Clinton threatens Obama for a place on the ticket
I am as sick and tired of this nomination as anyone else. But Hillary Clinton keeps making me angry. Yesterday's stories about women's groups up in arms was one thing, and yet I managed to quell myself. But today there's a story that her finance chair, Hassan Nemazee, is warning that not including Clinton on the ticket as VP might lead to a "risk" of financial backers not supporting Obama's general election campaign.
Here's the relevant quote. He says, "But there's a risk that if she isn't invited on the ticket, Hillary's political and financial supporters may not feel compelled to be as integrated and involved in the Obama campaign in order to provide the maximum support that he'll need to prevail in November."
Deep breath.
This past legislative season, here in Kansas, the Republicans in State government have been trying to get two coal-fired power plants built in the Western part of the state. It has been an environmental fight, highlighted by three or four different bills being written up and passed, and all of them being vetoed by our Democratic Governor. In the end, the plants are not being built.
But at one point, the Republican leader of the legislature, Melvin Neufeld, introduced a "memorandum of understanding" along with the latest version of the bill, a letter that had the coal plant owners offering $2.5 million to Kansas State University for energy research. On the floor of the legislature, Neufeld warned his colleagues that this offer of money was only good if the bill was passed in the next two months, or something. Essentially, he showed a bribe, and then threatened to take it away if he did not get what he wanted.
At the time I thought this was the height of inappropriate political shenanigans. It was immoral. It was typical of what I consider to be the Republican way of doing business. Bully, bribe, slander, whine.
Now, I see the same thing in Clinton's campaign. And it pisses me off. How does she expect to be a strong Vice-President in a strong Democratic Party if she has to threaten her way on to the ticket? How would that be a partnership that helps the country? This may be the way politics has always been done, but that doesn't make me any happier about it. I don't want the person next in line for the Presidency to be that sort of person, that sort of Melvin Neufeld person, the sort that would stoop to anything to get what he wants. Bully, bribe, slander, whine.
I wish I could love Clinton. I really do. I used to like her a lot. I have no doubt that she is qualified to be President. Six months ago, I probably would have voted for her, based on her experience.
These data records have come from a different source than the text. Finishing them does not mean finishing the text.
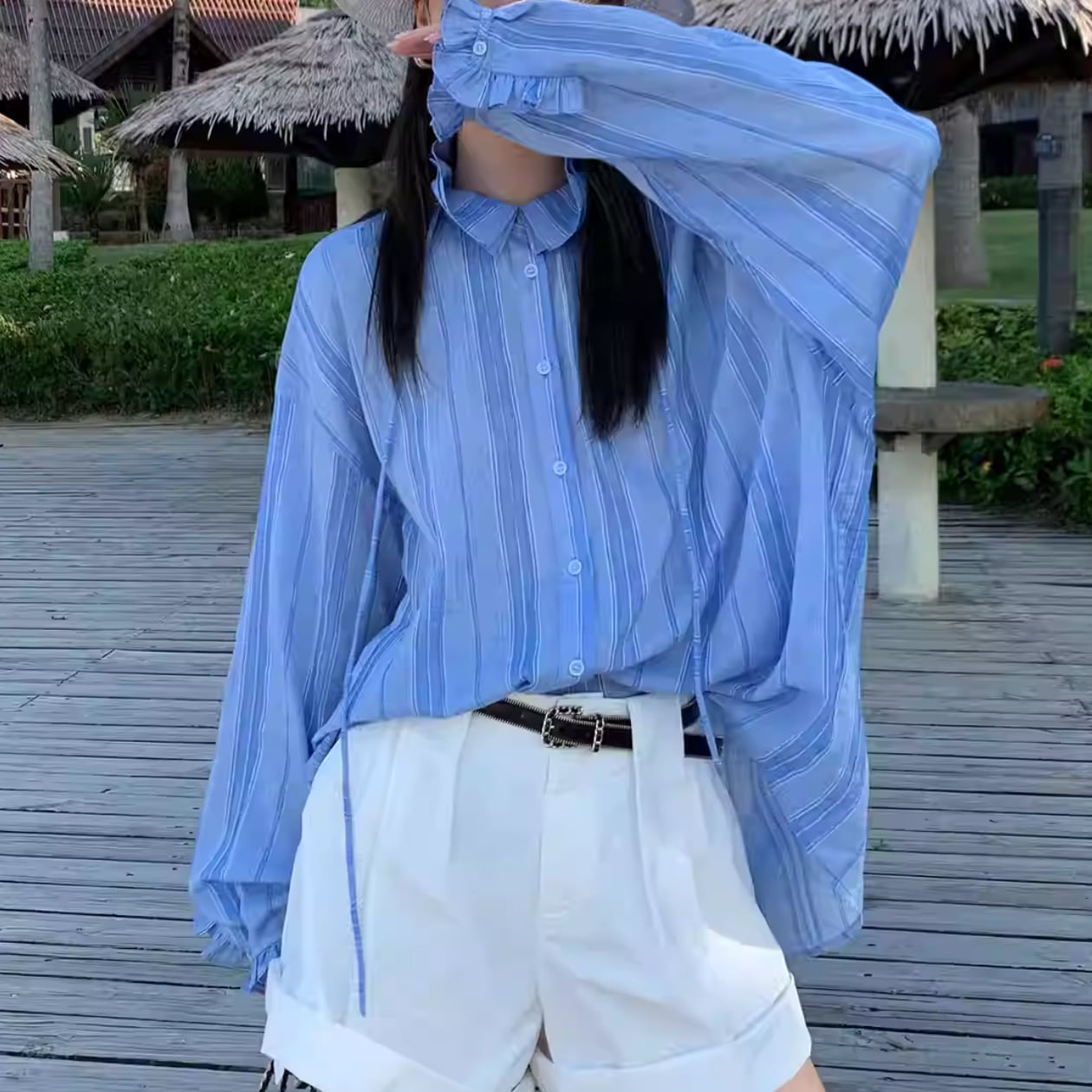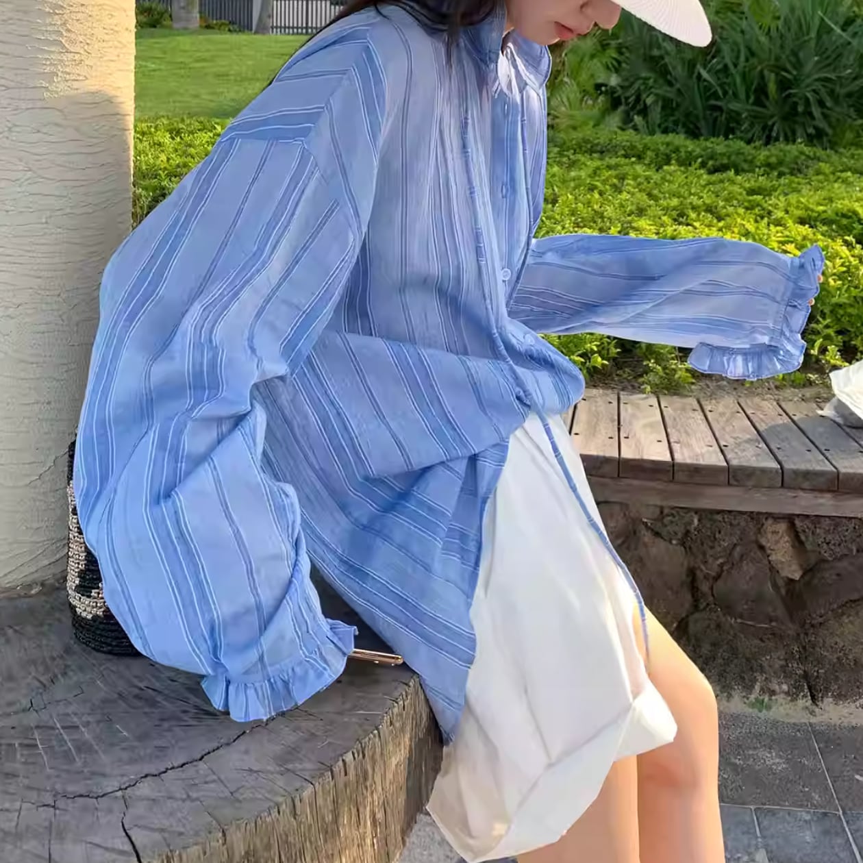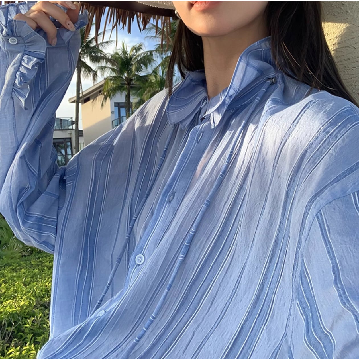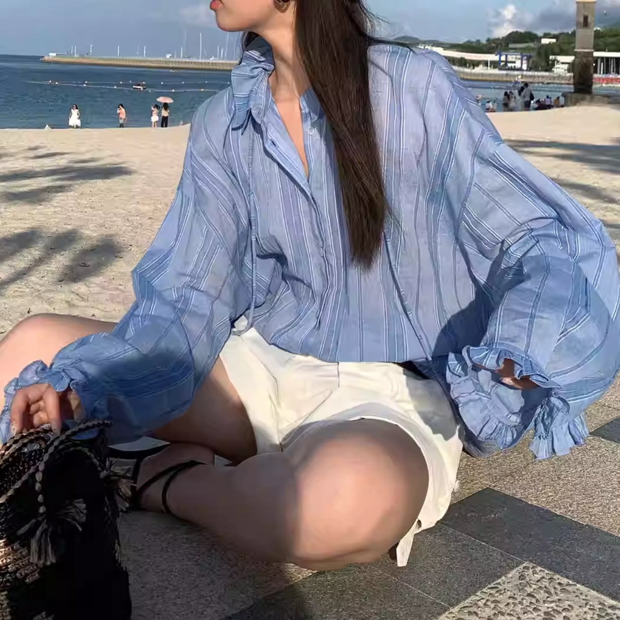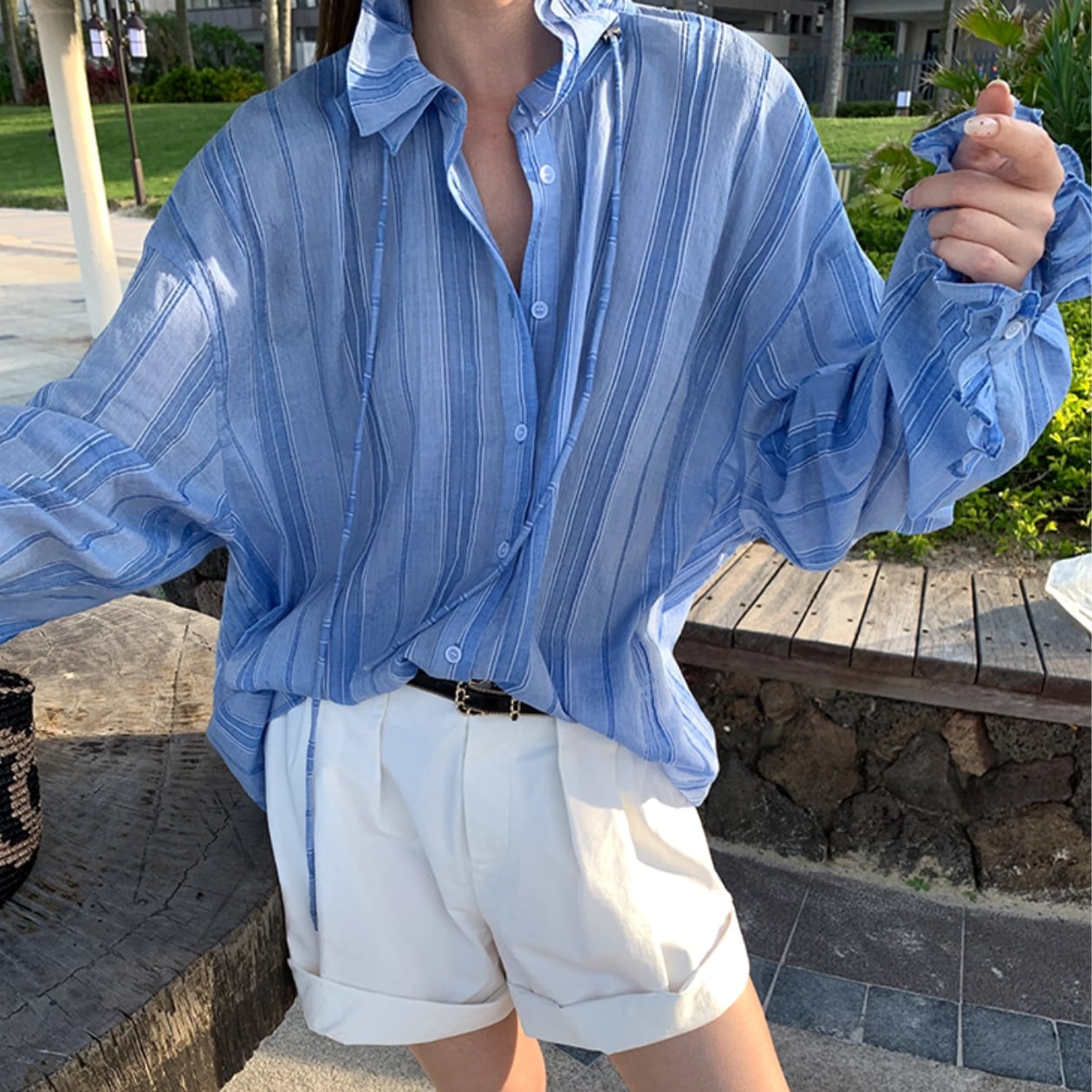 着心地抜群!ストライプ柄バンドカラーバルーンスリーブシャツで、夏のオシャレを楽しみましょう♪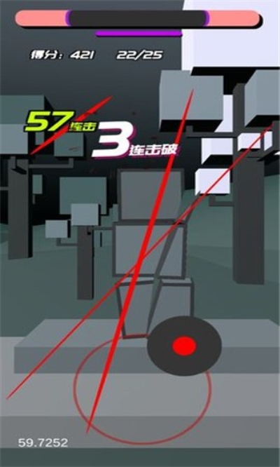 时间斩击画面十分简洁,你将在第一视角下拿起手中的刀剑去砍碎面前所有的建筑物,玩起来代入感十足而且特别解压,当你成功通关之后就能获得金币去购买其它的武器了,当中间的按钮和圆环重叠的时候点击就能达到完美评价,得分相对而言也更高一些,连击同样会有加成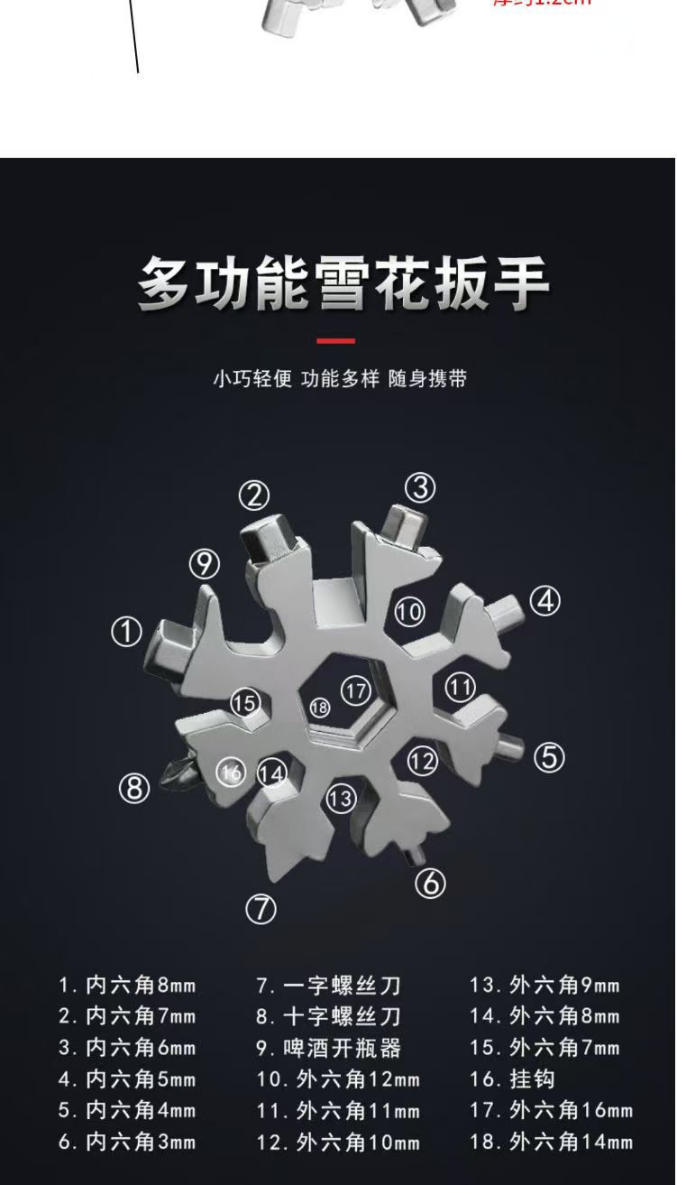다기능 눈송이 렌치 홈 도구 휴대용 작은 병따개 다기능 18 in 1 눈송이 렌치스토어 가기
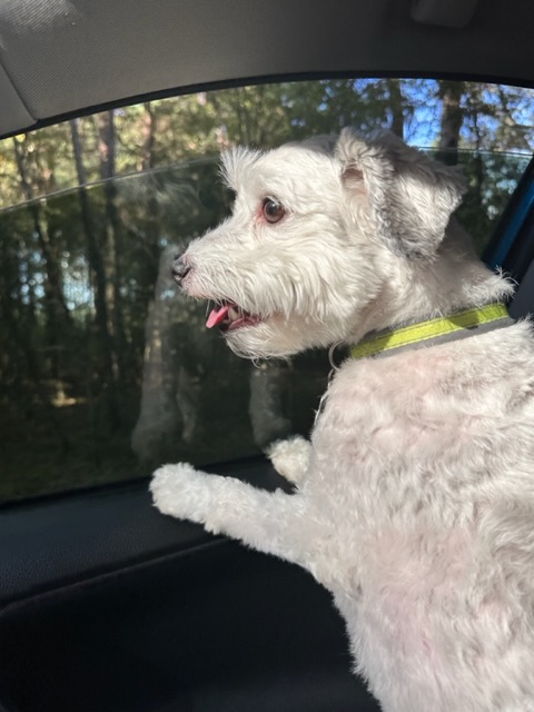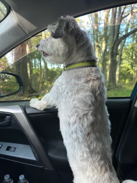 As we neared the Johnson Funny Farm, I cracked the window so Boo could do his favorite thing – – sniff all the smells of the fauna and flora of the realm that is now his permanent place in the world – not a place of abandonment, but a place of love and belonging. The place where he will live out his full life, grow old, and cross the Rainbow Bridge someday. Just not today, thankfully.

But the campaign she has run since then has driven me away. Between her apparent belief that the nomination was hers for the taking, the naked politics of ignoring small states at the beginning, and now crowing about their importance at the end, the race-baiting her campaign started using in March, the gender-bias whining of the last two weeks, and now this, trying to strong-arm her way onto the ticket? I'm beginning to feel that she needs to retire from politics altogether.
Just. Go. Away. Drop out. Let any of the numerous other, up-and-coming political stars in the Democratic Party, many of whom are women, let them come fill your spot.
Can't it technically only be a bribe if there's real money on offer? I mean, is there some huge, untapped source of wealth that Hillary's hiding for the general election? Because brother, she's running on fumes as of today. Less than fumes.
Now, I see the same thing in Clinton's campaign
It's always been there. This is why I don't and never have considered myself to be a Democrat even though I am liberal to a fault and have an Obama pin on my hat. To me, there's a very fine line of distinction between Republicans and Democrats; the rest is just spin and BS. Was it Maya Anjelou who called Bill "the first black president?" That always bugged me because Bill, like most Democrat politicians, depended on blacks and other minorities being and remaining poor, disenfranchised and dependant, which to me looks and feels just as racist and heartless as the standard racist/heartless Republican position of abandoning them to fend for themselves and denying them healthcare. I disliked the Clintons long before Bill lied under oath. This is what's so refreshing about Obama. He has had opportunity after opportunity to stoop to the Clintons' level and has rejected them all, even when I wanted him to turn to Hillary and just call her out as the lying demon of the snake world that she is. I don't care which party Obama belongs to. If he was a Republican, I'd still have his pin on my hat. If he was a woman I'd have two pins.
I actually despise the Clintons a lot more than I dislike Bush. With Bush it's like hating a retarded person — it's pointless and makes no sense.